** Task inputs follows **

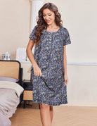 Moo Moos for Women: Women Sleepshirts features printed design, button closure, beautiful victorian style, length blow the knee. Two side pockets are perfect for keeping carrying keys phones and more.
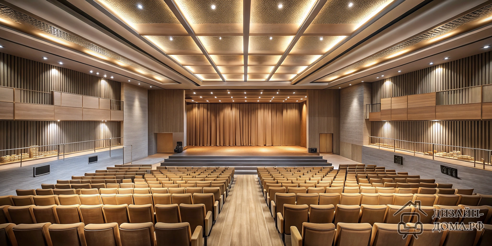 Такое оформление работает для залов любого масштаба — зрительский фокус остаётся на происходящем благодаря грамотной архитектуре пространства и акустическому оформлению.
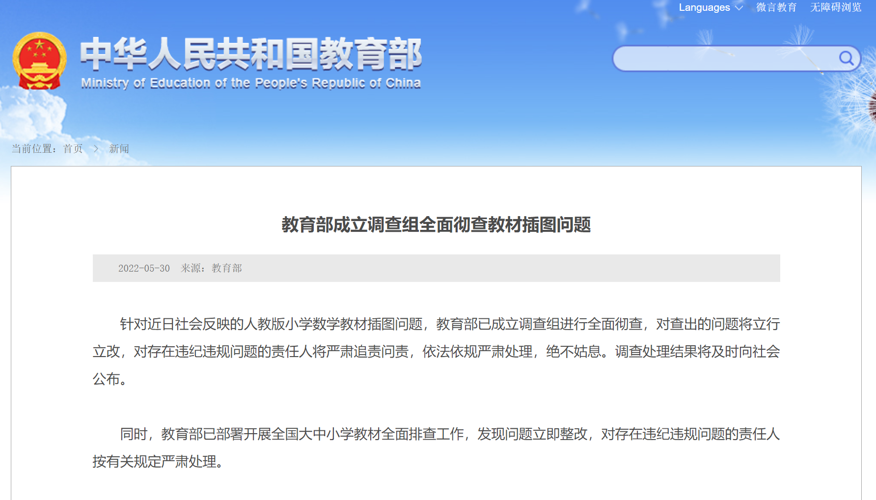 針對近日社會(huì)反映的人教版小學(xué)數(shù)學(xué)教材插圖問題,教育部已成立調(diào)查組進(jìn)行全面徹查,對查出的問題將立行立改,對存在違紀(jì)違規(guī)問題的責(zé)任人將嚴(yán)肅追責(zé)問責(zé),依法依規(guī)嚴(yán)肅處理,絕不姑息。調(diào)查處理結(jié)果將及時(shí)向社會(huì)公布。
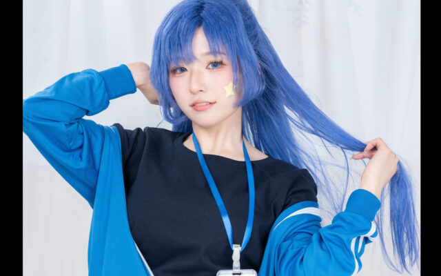 蘭藤さんが着用しているのは、鮮やかな青を基調としたボルチモアのスプレンディッド・ギアVer.衣装。エナメル素材の青いクロップドジャケットと、胸元が大きく開いた白のインナー、サイドに白黒のチェッカーフラッグ柄が入ったデザインが目を引きます。
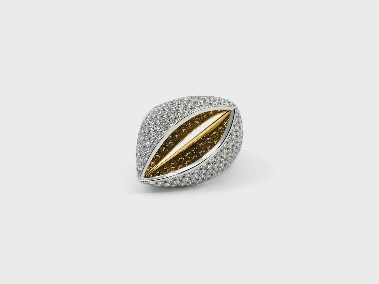 The ring in 18k white and yellow gold is set with a pave of diamonds
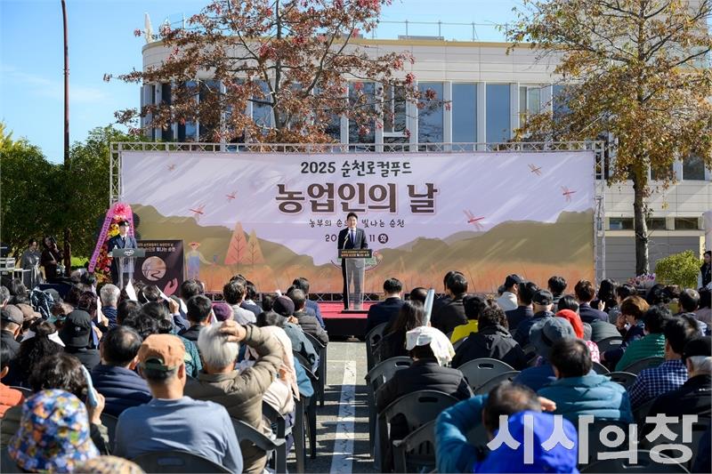 순천로컬푸드(주)는 지난 11일 국가정원 동문 대형주차장에서 ‘2025 순천로컬푸드 농업인의 날’ 행사를 열고, 지역 농업인의 노고를 격려하며 순천형 농업의 지속가능한 발전을 다짐했다.이날 행사는 로컬푸드 생산자와 소비자가 함께 참여하는 상생과 교류의 장으로 마련. 사진은 지난 11일 국가정원 동문 대형주차장에서 열린 ‘2025 순천로컬푸드 농업인의 날’ 행사에서 노관규 순천시장이 인사말씀을 하고 있다

** End of Task inputs **

### Your objective
Output the entries above verbatim, leaving out images.

### Solution to this task
 Moo Moos for Women: Women Sleepshirts features printed design, button closure, beautiful victorian style, length blow the knee. Two side pockets are perfect for keeping carrying keys phones and more.
 Такое оформление работает для залов любого масштаба — зрительский фокус остаётся на происходящем благодаря грамотной архитектуре пространства и акустическому оформлению.
 針對近日社會(huì)反映的人教版小學(xué)數(shù)學(xué)教材插圖問題,教育部已成立調(diào)查組進(jìn)行全面徹查,對查出的問題將立行立改,對存在違紀(jì)違規(guī)問題的責(zé)任人將嚴(yán)肅追責(zé)問責(zé),依法依規(guī)嚴(yán)肅處理,絕不姑息。調(diào)查處理結(jié)果將及時(shí)向社會(huì)公布。
 蘭藤さんが着用しているのは、鮮やかな青を基調としたボルチモアのスプレンディッド・ギアVer.衣装。エナメル素材の青いクロップドジャケットと、胸元が大きく開いた白のインナー、サイドに白黒のチェッカーフラッグ柄が入ったデザインが目を引きます。
 The ring in 18k white and yellow gold is set with a pave of diamonds
 순천로컬푸드(주)는 지난 11일 국가정원 동문 대형주차장에서 ‘2025 순천로컬푸드 농업인의 날’ 행사를 열고, 지역 농업인의 노고를 격려하며 순천형 농업의 지속가능한 발전을 다짐했다.이날 행사는 로컬푸드 생산자와 소비자가 함께 참여하는 상생과 교류의 장으로 마련. 사진은 지난 11일 국가정원 동문 대형주차장에서 열린 ‘2025 순천로컬푸드 농업인의 날’ 행사에서 노관규 순천시장이 인사말씀을 하고 있다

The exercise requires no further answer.